Rachel Pearse

Personal information
- Born: 1994 (age 31–32) Harlech, Wales
- Occupation: Rock climber

Climbing career
- Type of climber: Traditional climbing; Bouldering; Sport climbing;
- Highest grade: Redpoint: 8b+ (5.14a); Onsight/Flash: 8a (5.13b); Bouldering: 7C (V9);
- Known for: First-ever female ascent of Indian Face

= Rachel Pearce =

British rock climber

Rachel Elin Pearce (born 1994) is a British female rock climber from Harlech in Wales who came to wider prominence for her repeats and first female free ascents (FFFAs) of major British traditional climbing routes that rank amongst some of the hardest in the world.
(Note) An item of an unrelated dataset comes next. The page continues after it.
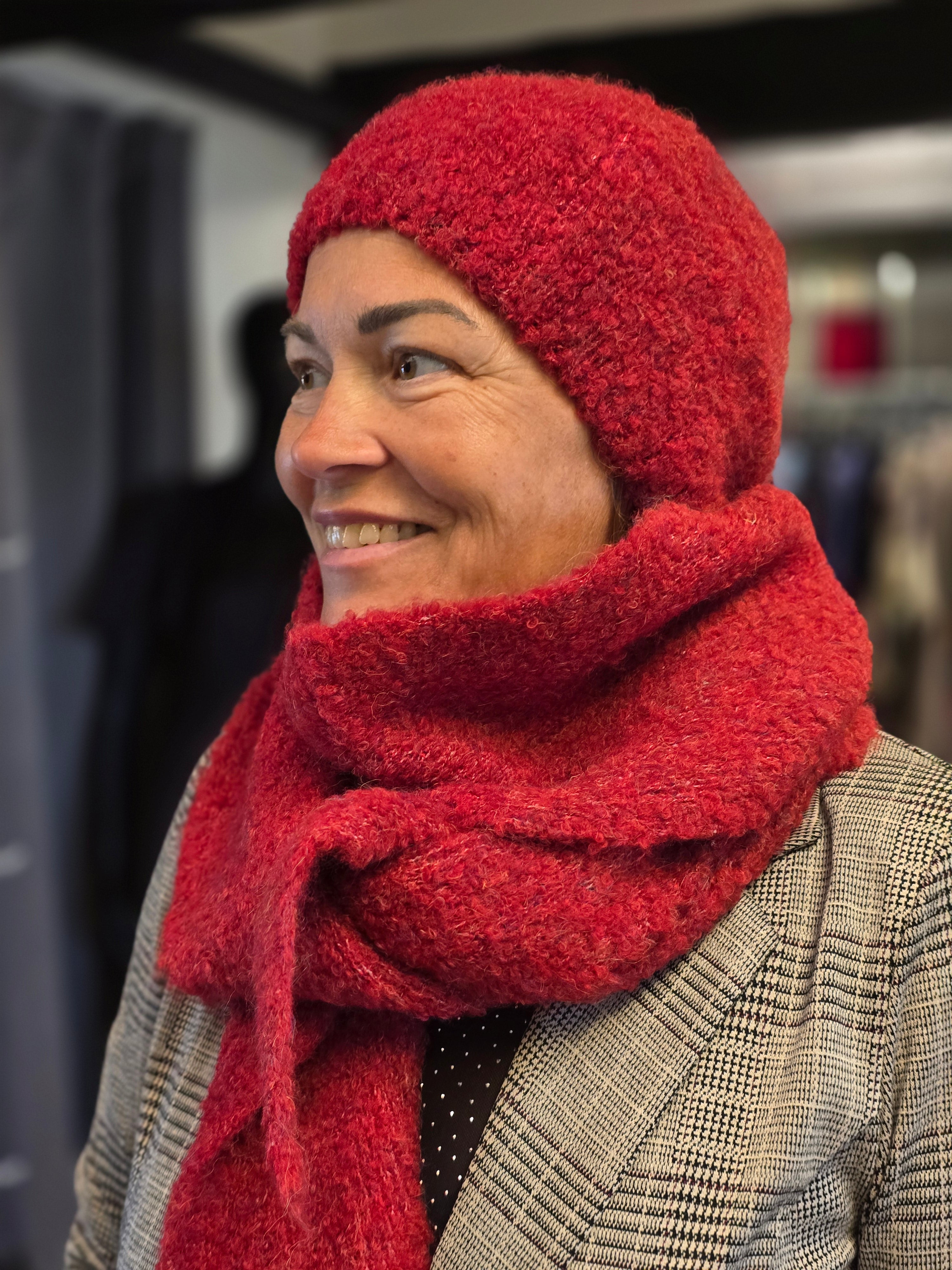 IAMAUI alpehue fra ICHI er et chunky strikket hue med voluminøst udtryk og blød, tekstureret overflade. Det bløde materiale kan trækkes godt ned over ørerne, eller sættes kkt på skrå.
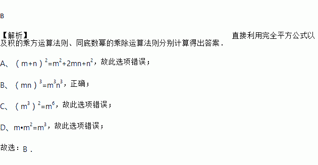 A. (m+n)2=m2+n2 B. (mn)3=m3n3 C. (m3)2=m5 D. m•m2=m2

In June 2023, Pearce made the second female free ascent of the extreme traditional climbing route, Nightmayer (E8 6c), in Dinas Cromlech in Wales, and in September 2024 she made the third female ascent of Olwen (E9 6c), in Rhoscolyn in Wales. In August 2026, she made the first female free ascent of the famous traditional route, Indian Face (E9 6c), once considered the hardest traditional climbing route in the world, and a route that is still rarely repeated because of its high degree of danger and risk of groundfall.